# P0031 and P1148 codes



## darko454 (Sep 9, 2010)

Hello everyone
I have a 2010 altima coupe 4 cylinder with 134k miles on it.
I need help with these codes P0031 and P1148
I believe they have to do with oxygen sensors but not 100% sure.
Please help thanks


----------



## smj999smj (Jan 1, 2006)

You are correct. The P0031 code is for the heater circuit inside the upstream air/fuel ratio sensor (similar to an oxygen sensor, but a little more sophisticated). The P1148 code is for the closed loop control, which would be directly effected by the bad sensor. 99% of the time, it's the sensor that is the fault. My advice would be to go ahead and replace the upstream sensor, erase the code and clear the self-learning in the ECM. For the sensor, you will need to find out if the vehicle has Federal or California emissions certification, which will be listed on the sticker under the hood.

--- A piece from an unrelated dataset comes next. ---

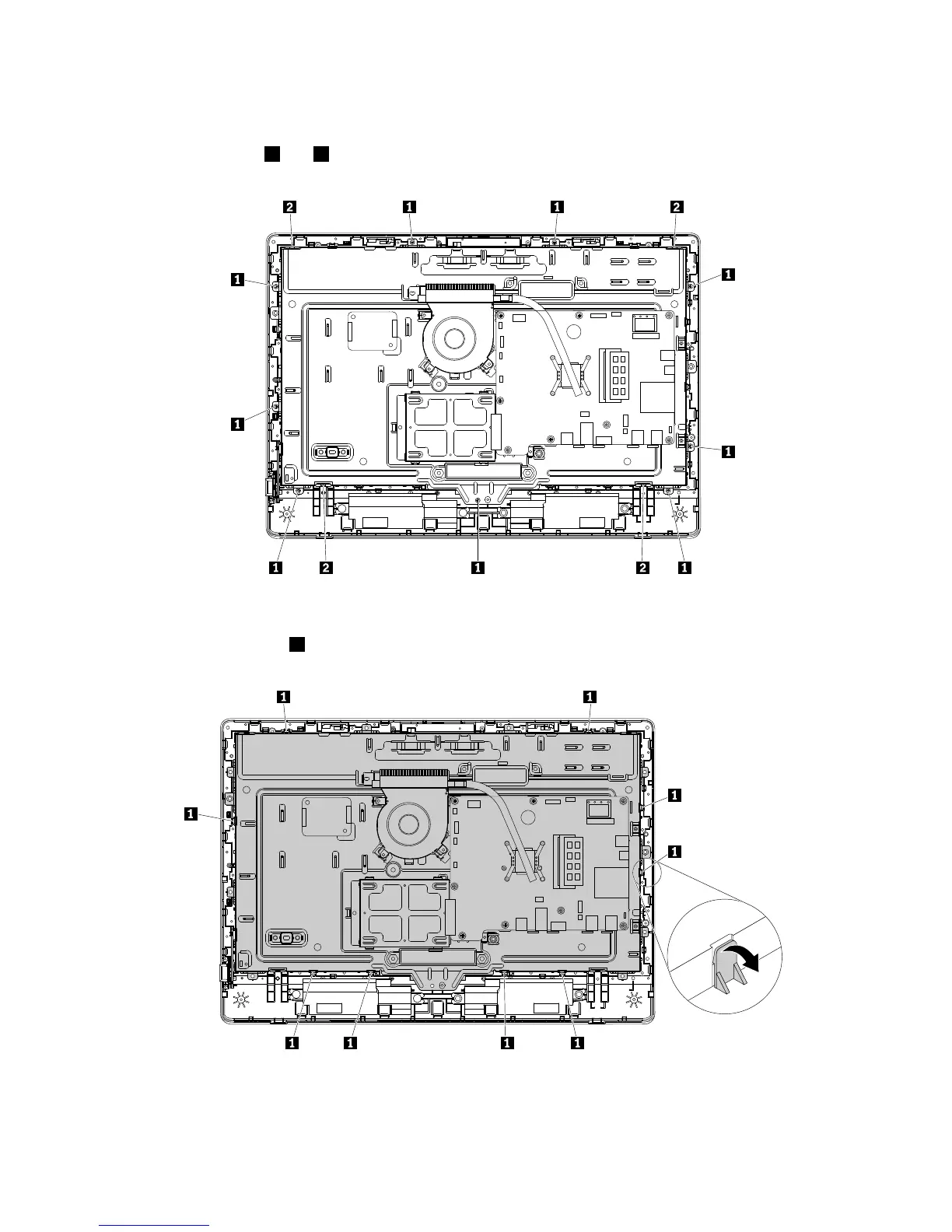 8.Removethescrews1and2asshownthatsecurethechassistotheLCDfrontbezel.

Rockauto.com sells the sensor. I would recommend sticking with either NTK or Denso brand; Denso will be a little less expensive. 

For Federal emissions, you can go with Denso 2349038 or NTK 25679
For California emissions, you can go with Denso 2349036 or NTK 25685


----------



## darko454 (Sep 9, 2010)

Hey
Thanks for the info
I have replaced using Denso 2349038
I cleared the code but after driving around a bit the service engine soon light comes back on again.
Not sure what else can I do.
My vin is
Any help 1n4al2ep2ac
Thanks


----------



## smj999smj (Jan 1, 2006)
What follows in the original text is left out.